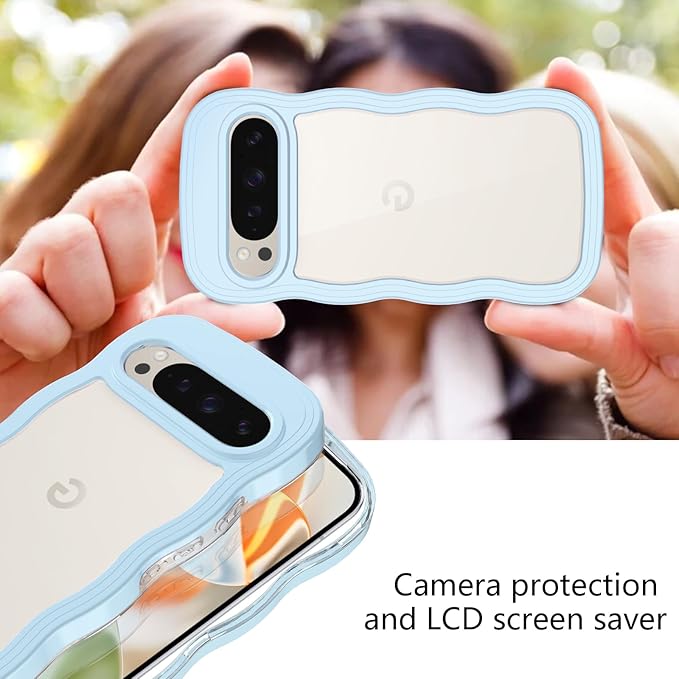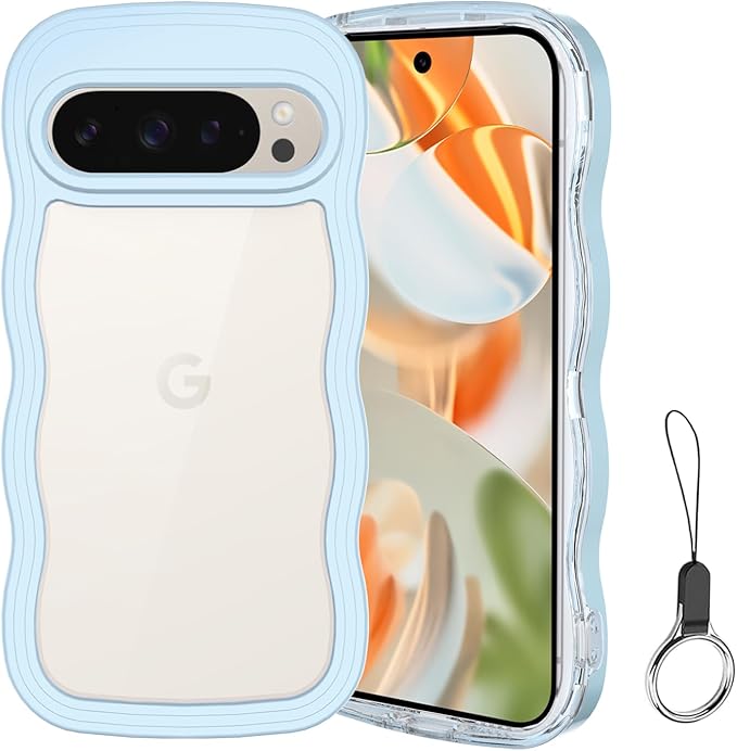 Google Pixel 10/10 Pro/9/9 Pro ケース クリア ウェーブ ピクセル 10/10 Pro/9/9 Pro TPU波状フレーム うねうね グーグル ピクセル10/10 Pro/9/9 Pro 滑り止め スマホケースウェーブ デザイン 手にフィット 韓国 可愛い 女性用 女子向け 透明 ケースカバー 人気 落下防止 耐衝撃 ストラップホール付き グーグルピクセル10/10 Pro/9/9 Pro なみなみ ワイヤレス充電対応(Google Pixel 10/10 Pro/9/9 Pro-ブルー)
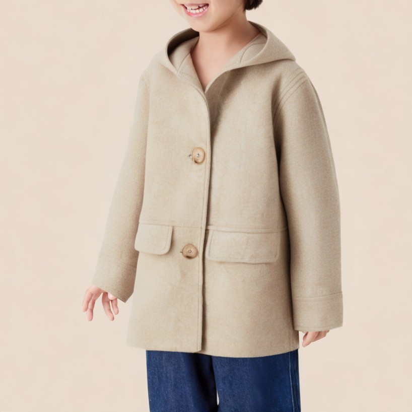 This boys' long coat combines casual style and warmth, making it an ideal choice for the autumn and winter seasons. The hooded design adds to the overall look and provides extra warmth and protection for your child. The button closure makes it easy to put on and take off, while maintaining a neat and tidy appearance. The two front flap pockets are both practical and add a touch of detail, perfect for storing small items or keeping hands warm. The long sleeves and loose fit ensure comfortable movement, allowing your child to play freely.
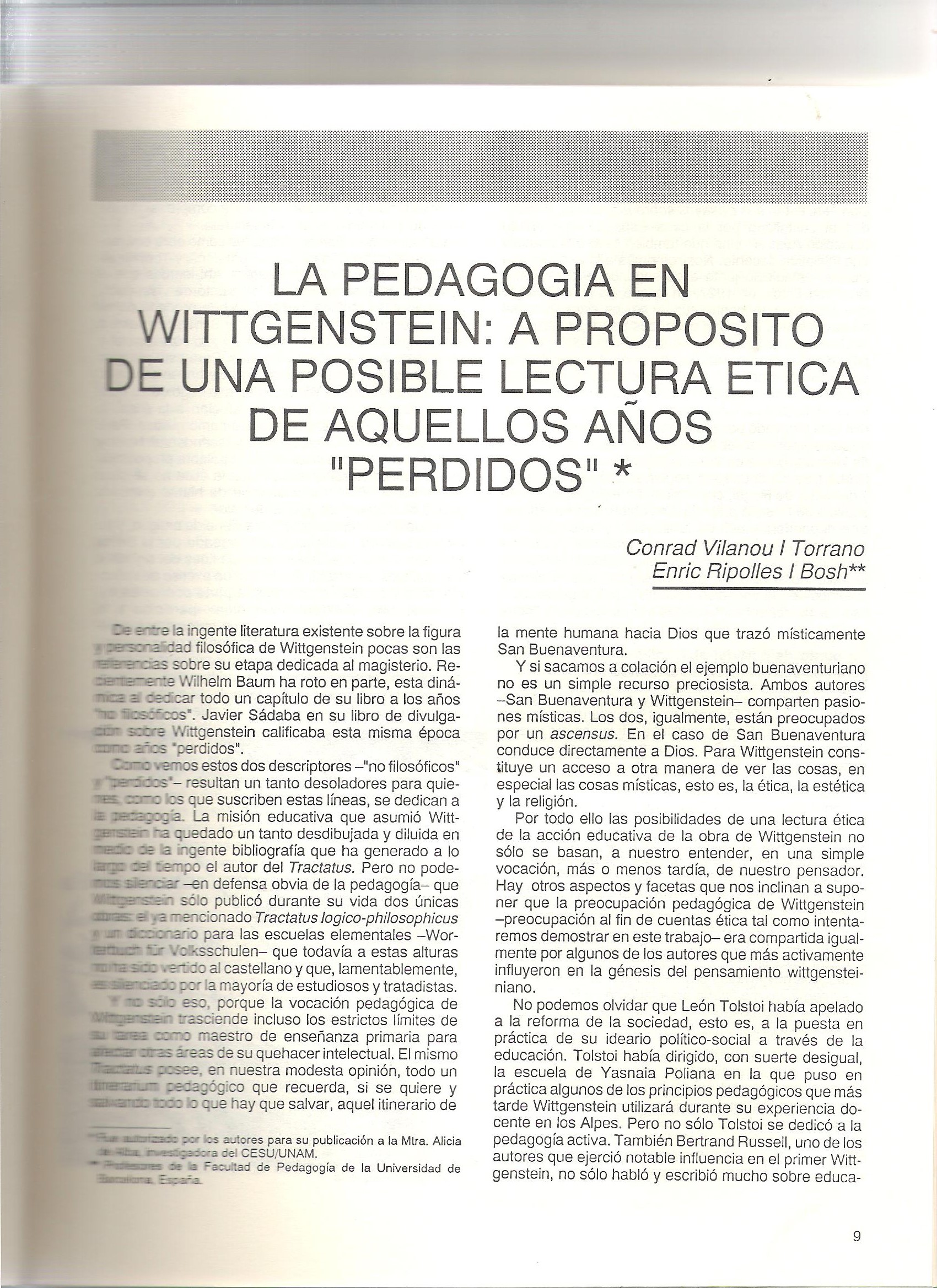 La pedagogía en Wittgenstein: A propósito de una posible lectura ética de aquellos años "perdidos"
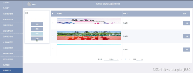 管理员可以对系统管理的轮播图信息进行查询、添加、重置和删除操作,其界面如下图4-13所示。

## Work instructions
Could you restate exactly the lines from the line containing "This boys' long" through the end of the listing, both ends included and nothing else, leaving the images out?

## Response
 This boys' long coat combines casual style and warmth, making it an ideal choice for the autumn and winter seasons. The hooded design adds to the overall look and provides extra warmth and protection for your child. The button closure makes it easy to put on and take off, while maintaining a neat and tidy appearance. The two front flap pockets are both practical and add a touch of detail, perfect for storing small items or keeping hands warm. The long sleeves and loose fit ensure comfortable movement, allowing your child to play freely.
 La pedagogía en Wittgenstein: A propósito de una posible lectura ética de aquellos años "perdidos"
 管理员可以对系统管理的轮播图信息进行查询、添加、重置和删除操作,其界面如下图4-13所示。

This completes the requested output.